Python by Example

Strings

Python str is an immutable sequence of Unicode code points, not bytes. Encoding, f-strings, and grapheme-aware slicing.

A Python str is an immutable sequence of Unicode code points - not bytes. The separate bytes type holds raw binary data. Converting between them requires an explicit .encode() call (str to bytes) or .decode() call (bytes to str), and you must name the encoding each time.

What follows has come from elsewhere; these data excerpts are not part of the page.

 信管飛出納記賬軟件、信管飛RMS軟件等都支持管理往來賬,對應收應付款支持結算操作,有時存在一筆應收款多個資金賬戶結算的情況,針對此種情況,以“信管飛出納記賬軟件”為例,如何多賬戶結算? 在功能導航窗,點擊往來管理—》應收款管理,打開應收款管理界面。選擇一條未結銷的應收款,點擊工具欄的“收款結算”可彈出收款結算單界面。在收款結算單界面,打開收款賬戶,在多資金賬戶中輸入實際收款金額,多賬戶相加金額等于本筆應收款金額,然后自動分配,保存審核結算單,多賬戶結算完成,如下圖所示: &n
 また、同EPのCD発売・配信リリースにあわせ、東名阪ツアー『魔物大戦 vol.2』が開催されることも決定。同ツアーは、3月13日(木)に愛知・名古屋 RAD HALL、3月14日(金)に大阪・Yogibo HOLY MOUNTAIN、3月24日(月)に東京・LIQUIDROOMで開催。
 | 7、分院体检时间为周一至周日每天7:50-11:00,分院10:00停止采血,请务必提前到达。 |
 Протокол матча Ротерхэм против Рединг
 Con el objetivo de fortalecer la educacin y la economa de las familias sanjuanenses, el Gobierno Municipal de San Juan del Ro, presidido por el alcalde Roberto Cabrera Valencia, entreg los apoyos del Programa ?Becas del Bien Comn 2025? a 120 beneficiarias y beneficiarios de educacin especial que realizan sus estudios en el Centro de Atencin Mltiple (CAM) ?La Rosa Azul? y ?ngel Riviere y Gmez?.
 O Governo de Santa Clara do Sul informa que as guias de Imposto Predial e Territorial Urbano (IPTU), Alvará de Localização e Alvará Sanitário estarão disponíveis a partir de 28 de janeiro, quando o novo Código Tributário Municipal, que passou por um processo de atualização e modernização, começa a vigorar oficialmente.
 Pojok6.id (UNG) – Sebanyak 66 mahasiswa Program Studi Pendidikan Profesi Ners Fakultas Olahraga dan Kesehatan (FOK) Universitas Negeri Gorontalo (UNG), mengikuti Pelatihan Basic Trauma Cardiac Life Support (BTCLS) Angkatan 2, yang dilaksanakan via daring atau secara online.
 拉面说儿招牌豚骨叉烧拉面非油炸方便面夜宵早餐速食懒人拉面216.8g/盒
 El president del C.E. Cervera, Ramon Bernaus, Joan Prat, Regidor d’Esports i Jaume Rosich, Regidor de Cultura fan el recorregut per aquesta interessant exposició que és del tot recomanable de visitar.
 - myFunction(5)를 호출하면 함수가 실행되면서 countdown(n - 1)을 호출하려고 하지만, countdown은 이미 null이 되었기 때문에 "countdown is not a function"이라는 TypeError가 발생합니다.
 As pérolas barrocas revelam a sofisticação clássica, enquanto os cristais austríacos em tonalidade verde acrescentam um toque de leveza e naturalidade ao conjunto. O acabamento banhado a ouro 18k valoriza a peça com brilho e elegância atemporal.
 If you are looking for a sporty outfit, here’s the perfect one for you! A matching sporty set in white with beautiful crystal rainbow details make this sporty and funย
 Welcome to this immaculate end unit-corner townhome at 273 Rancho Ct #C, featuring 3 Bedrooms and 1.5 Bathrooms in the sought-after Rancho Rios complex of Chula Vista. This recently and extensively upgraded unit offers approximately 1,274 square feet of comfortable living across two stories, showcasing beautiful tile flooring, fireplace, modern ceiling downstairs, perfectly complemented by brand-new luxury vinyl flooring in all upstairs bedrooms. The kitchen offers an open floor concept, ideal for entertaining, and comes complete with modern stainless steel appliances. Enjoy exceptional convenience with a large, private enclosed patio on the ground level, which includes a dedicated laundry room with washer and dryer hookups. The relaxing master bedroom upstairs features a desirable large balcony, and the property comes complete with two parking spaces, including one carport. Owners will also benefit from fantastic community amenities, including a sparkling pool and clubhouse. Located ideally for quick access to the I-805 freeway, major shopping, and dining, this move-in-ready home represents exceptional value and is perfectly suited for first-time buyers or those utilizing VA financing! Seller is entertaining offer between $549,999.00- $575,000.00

f-strings (formatted string literals) embed expressions directly inside {}. They support Python's full format-spec syntax for alignment, padding, and number formatting - the same spec used by format() and str.format().

name = "Ada"
f"Hello, {name}!"         # 'Hello, Ada!'
 
value = 3.14159
f"{value:.2f}"            # '3.14'  (2 decimal places)
 
n = 42
f"{n:>10}"                # '        42'  (right-aligned in 10 chars)
f"{n:0>10}"               # '0000000042'  (zero-padded)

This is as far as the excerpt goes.